The way is looks to me is, the REMafia has parlayed their position by gathering up lots of SFH's, having taxpayers pay the note through Section8, and then drive the productive middle-class out of the middle-class subdivisions, and into higher-cost areas, by infesting the area with scum. Graffitti, gangs, drugs, violence, loud music at all hours, little dogs running through the streets, cars parked on the front yard ..... all coming to a subdivision near you if Section8 is not removed from the SFH market.
p.s. Section 8 allows people to BUY also.
In the meanwhile, stupid people are rewarded with laon modifications. That is absurd. That is welfare for stupid people. Once again, anyone not stupid enough to go into debt at 10:1 HHI, and then HELOC every penney they can from the asset, and then make zero payments for 5 years, and then get a loan modification -- is the one paying the way for those who were that stupid.
Back on topic: 3:1 is a good rule for anyone coming on Patrick.Net for good advice. If you are wealthy enough to go beyond that ratio, you can just use the tried and true system of telling your REMafia member, "I can afford this much $___ per month", and out of the goodness of their heart they will find a home that takes (just a little bit more than) that amount for you to own.
The cost of being subprime is 539 bucks a month down the toilet.
PMI/MIP is tax-deductible tho
It is however quickly phases out if your AGI is over 100K a year, full phase out around 110K if I recall.
I thought it was tax deductable and got screwed come tax time cause of the phase out..
Hi,
I've been looking for a home for quite awhile and while I'm already pre-approved with one lender, I'm researching others just in case.
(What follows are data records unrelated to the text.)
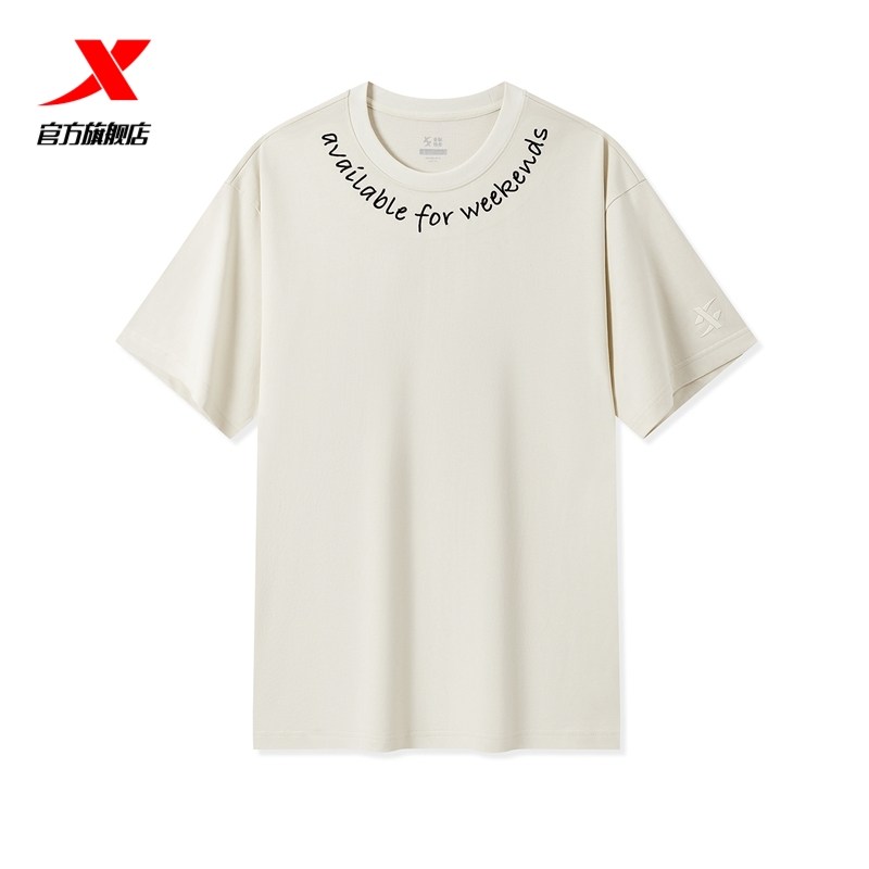 Xtep, летняя спортивная футболка с коротким рукавом подходит для мужчин и женщин для влюбленных, короткий рукав, круглый воротник, для бега
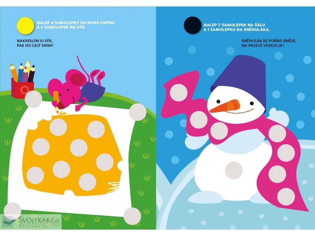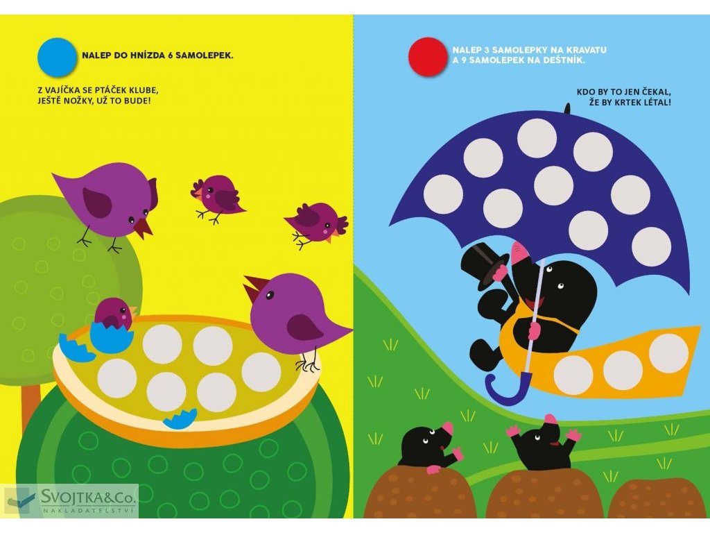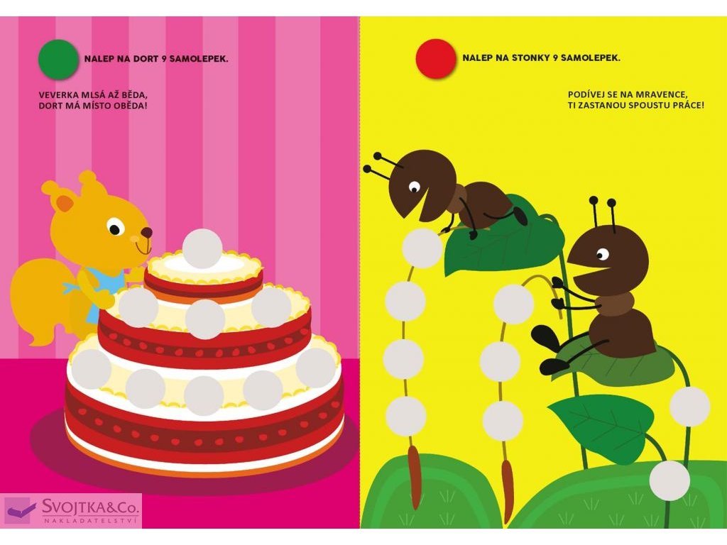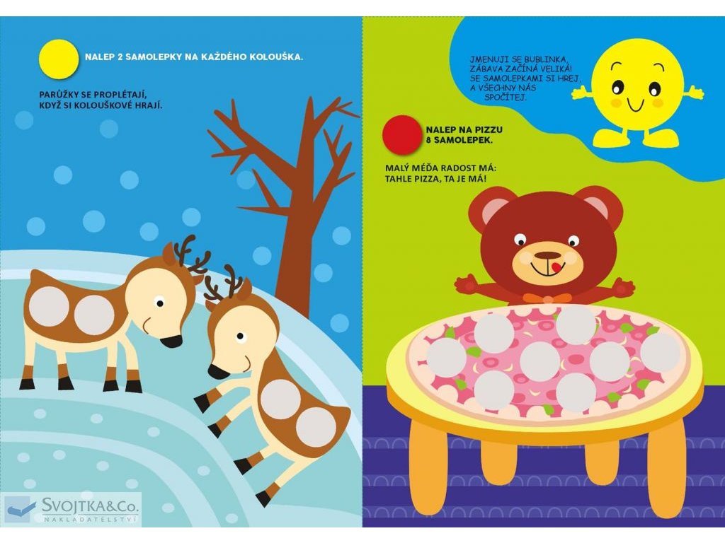 V této knížce najdou naši nejmenší plno jednoduchých aktivit a 140 samolepek, které jim pomohou seznámit se jednoduše a bez námahy se základními číslicemi. Kulaté barevné samolepky – "bublinky" – se lehce nalepují, krátké texty s veselými rýmy pomáhají cvičit paměť a snadno se opakují, barevné obrázky v knížce přitahují pozornost a napomáhají soustředění.
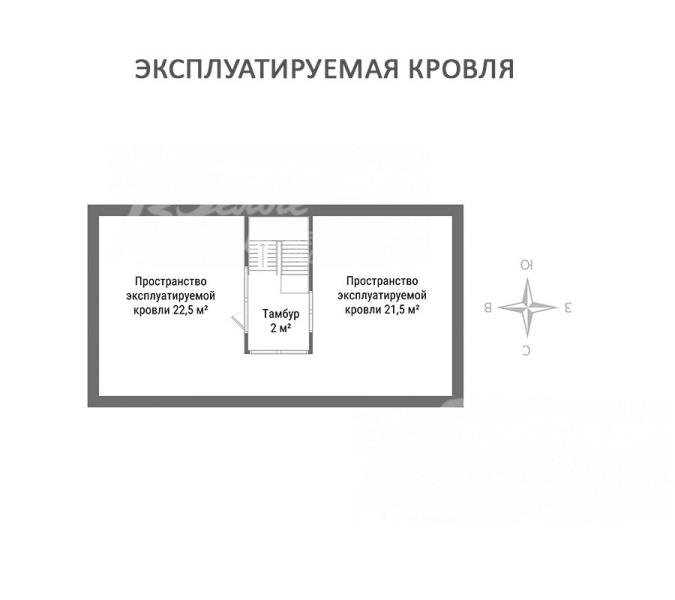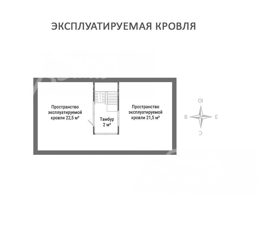 3-ий этаж: тёплый тамбур 2 кв.м с выходом на эксплуатируемую кровлю общей площадью 49.5 кв.м, состоящей из двух соединенных между собой пространств - 21.5 кв.м и 22.5 кв.м
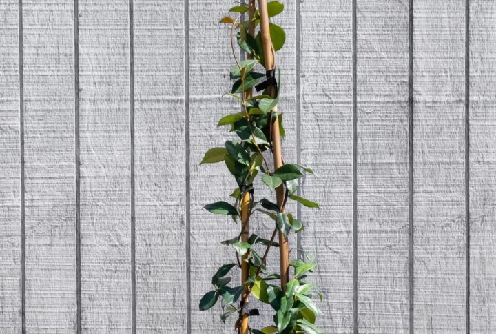 Trachelospermum jasminoides Chinese Star Jasmine. Hardy. Ultimately 9 x 9m. Woody stemmed, evergreen twining climber, with dark green foliage colouring to a fiery bronze-red in winter. From mid summer masses of pure white fragrant flowers are produced.
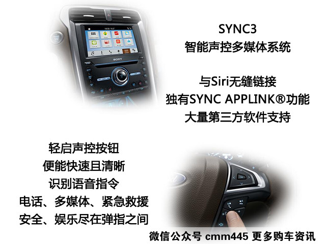2017款新蒙迪欧所使用的SYNC3智能声控多媒体系统,可以非常便利地让驾驶者解放双手而在驾车过程中延续社交的习惯,与Siri无缝链接,让语音指令得以迅速的响应,高精度的电容屏幕可以精确地识别连写字体,让输入不再成为车载多媒体的弊端。
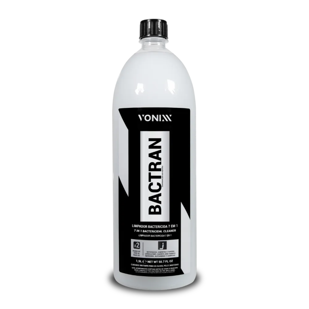Bactran é um limpador bactericida ultra concentrado de alta performance e baixa espumação, desenvolvido para limpeza profissional de estofados, carpetes e tapetes. Seu uso é indicado com extratoras. Sua fórmula contém tensoativos especiais que agem em sinergia com o peróxido de hidrogênio e remove facilmente os mais diversos tipo de sujeira, em especial manchas de sangue, suco, café e bolores, além de eliminar fungos e bactérias.
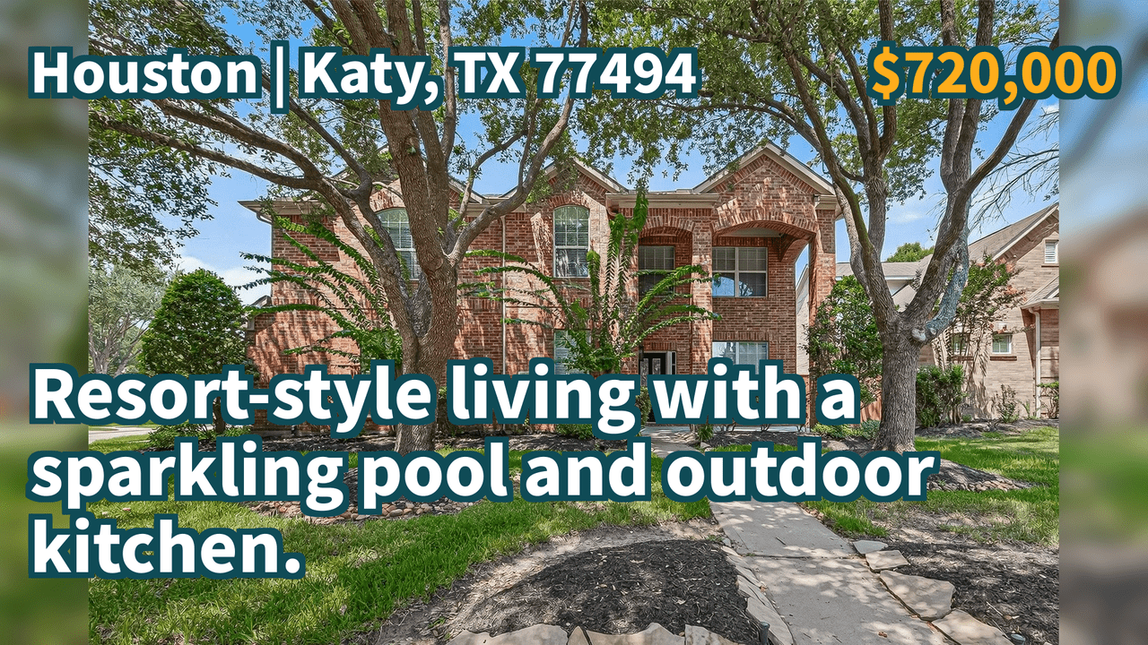 Katy, TX 77494 | $720,000 | 3,061 Sqft, 4 beds, 3 full and 1 half baths, Single-Family | Resort-style living with a sparkling pool and outdoor kitchen.

I have decent credit just shy of 700 but an extremely stable and relatively high paying job. Even then, I'm finding it hard to find a decent house that I can afford without going up to 5x my income of more which doesn't fit within the financial goals I've set for myself.
http://www.zillow.com/mortgage/BorrowerQuoteDetail.htm?quote=ZQ-KGVDXMZK
Loan product 30 year fixed (FHA)
Interest rate 4.125%
APR 5.452%
Payment (P&I) $2,379
Loan amount $481,970
Down payment $17,500
Assumed rate lock 30-day
Note due in 30 years (360 months)
Pre-payment penalty No
Appraisal fee $385
Processing fee $895
Lender credit ($10,254)
FHA upfront MI premium What's this? $8,444
Total Lender Credit What's this? $530
I received this quite today and I'm interested in what the people here think of it? The APR looks a little high to me but the fees appear lower than others. The payment seems huge to me but then again, I'm paying less than $2k a month for a small apartment and this would be used to purchase at least a 3/2 with garage.